January is winding down and, at the risk of wishing time away, we’re one month closer to warmer temps here in Wisconsin. I’m still dealing with the extra pounds that started creeping up last fall and seem to have gotten a little too comfortable. While January is usually the month for new beginnings and fresh starts, mine was filled with skipped trips to the gym and a nasty cold that wouldn’t quit. Fortunately, any day can be an opportunity to hit the reset button, and February is the perfect time to try a new challenge. Here at TOPS, we’re excited to launch our new 28-Day Meal Planner for members! You can kick start (or restart) your healthy lifestyle this February with our 28-Day Meal Plan Challenge. Members can check out week one of the plan by visiting the Members Area of tops.org and clicking the Healthy Eating & Recipes page. Before you check out the plan, here are some important things to know.
You will have to make time to plan meals. Since all of the meals include whole foods like fresh fruits and vegetables, whole grains and lean proteins, plan to spend anywhere from 30 minutes to one hour each week on meal prep. While an hour may seem like a long time, think of it like this: it’s only 0.6% of your week!
The plan is flexible. While we provide suggestions for daily meals and snacks, we know that everyone has different tastes, preferences and maybe even foods they can’t eat. Don’t like, or can’t have, a certain food listed? Exchange any food with something you do like or can have!
You will see low-fat items.
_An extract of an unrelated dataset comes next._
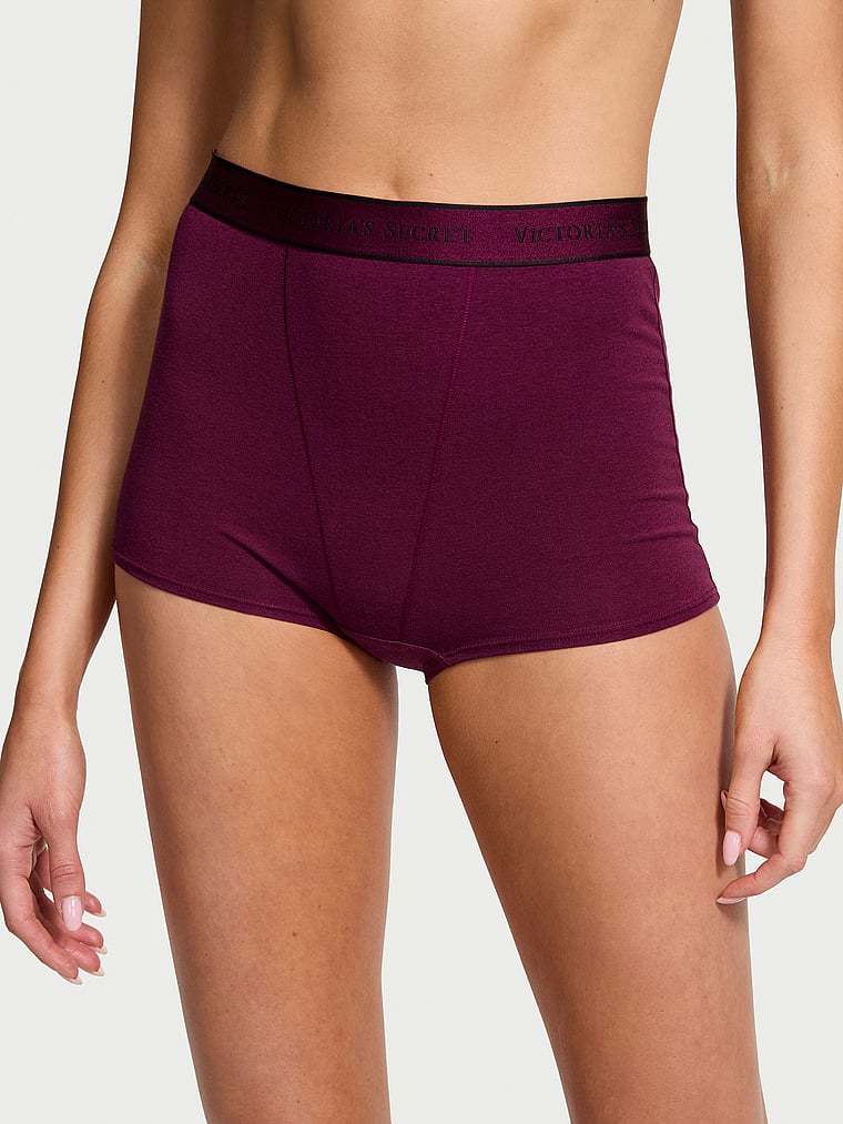 With a borrowed-from-the-boys look and flattering high waist��you��ll love these supersoft shorties featuring our signature, stretchy logo waistband.

This doesn’t mean we are stuck in the 1990s era of low-fat everything. It simply means that we chose lower-fat versions of yogurts, milks and proteins to help save on calories. If you prefer the fuller-fat option of yogurt, for example, go ahead and choose that. Just remember that this will change the nutrition analysis and number of fat exchanges.
You don’t have to know the Food Exchange System. Each day includes food exchanges for all of the meals and snacks, but you don’t have to be a dedicated user of the exchange system to follow the plan. If you would like to get more familiar with food exchanges, or just need a little help with portion control, this can be a great place to start.
Are you ready to kick off your February with the 28-Day Meal Plan Challenge? Be sure to use the hashtags #28DayMealPlanChallenge and/or #TOPS28 in your social media posts and send us your recipe photos, progress updates, feedback and more! Bring it on, February. We’re ready.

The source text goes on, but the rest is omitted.